A linear BN structure discovery workflow is suggested in which the investigator uses this hypothesis test to aid in selecting an appropriate structure discovery algorithm.
- Score: 0.0
- License: http://creativecommons.org/licenses/by/4.0/
- Abstract: Bayesian network (BN) structure discovery algorithms typically either make
assumptions about the sparsity of the true underlying network, or are limited
by computational constraints to networks with a small number of variables.

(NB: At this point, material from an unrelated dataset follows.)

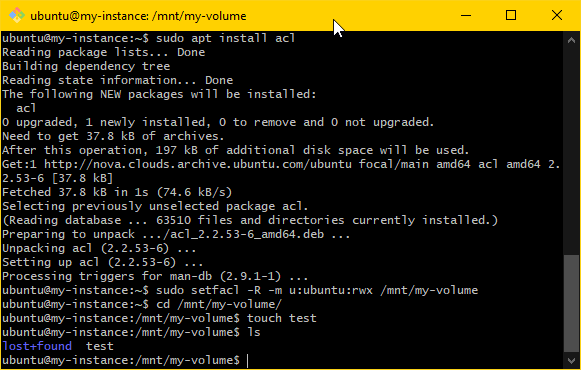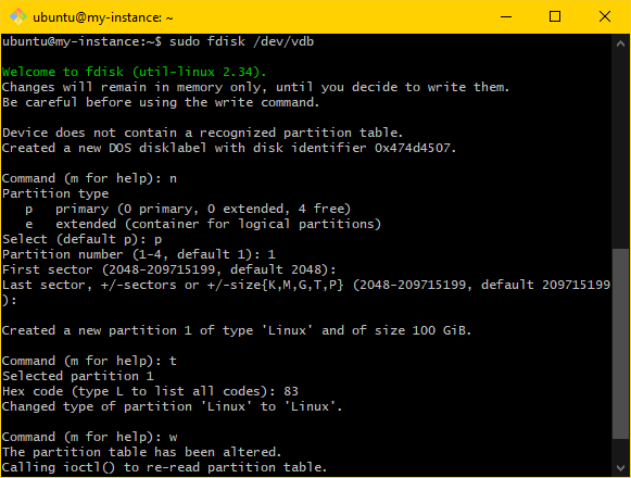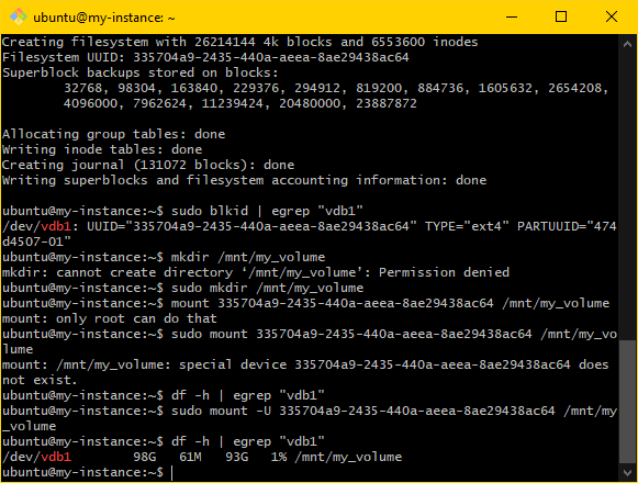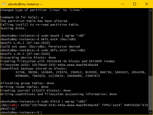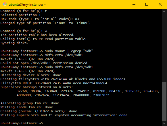 sudo mkfs.ext4 "<pmount>". Ensure that the output looks like the following:ubuntu@my-instance:~$ sudo mkfs.ext4 /dev/vdb1 mke2fs 1.45.5 (07-Jan-2020) Discarding device blocks: done Creating filesystem with 26214144 4k blocks and 6553600 inodes Filesystem UUID: 335704a9-2435-440a-aeea-8ae29438ac64 Superblock backups stored on blocks: 32768, 98304, 163840, 229376, 294912, 819200, 884736, 1605632, 654208, 4096000, 7962624, 11239424, 20480000, 23887872 Allocating group tables: done Writing inode tables: done Creating journal (131072 blocks): done Writing superblocks and filesystem accounting information: done

While these sparsity assumptions can take various forms, frequently the
assumptions focus on an upper bound for the maximum in-degree of the underlying
graph $\nabla_G$. Theorem 2 in Duttweiler et. al. (2023) demonstrates that the
largest eigenvalue of the normalized inverse covariance matrix ($\Omega$) of a
linear BN is a lower bound for $\nabla_G$. Building on this result, this paper
provides the asymptotic properties of, and a debiasing procedure for, the
sample eigenvalues of $\Omega$, leading to a hypothesis test that may be used
to determine if the BN has max in-degree greater than 1. A linear BN structure
discovery workflow is suggested in which the investigator uses this hypothesis
test to aid in selecting an appropriate structure discovery algorithm. The
hypothesis test performance is evaluated through simulations and the workflow
is demonstrated on data from a human psoriasis study.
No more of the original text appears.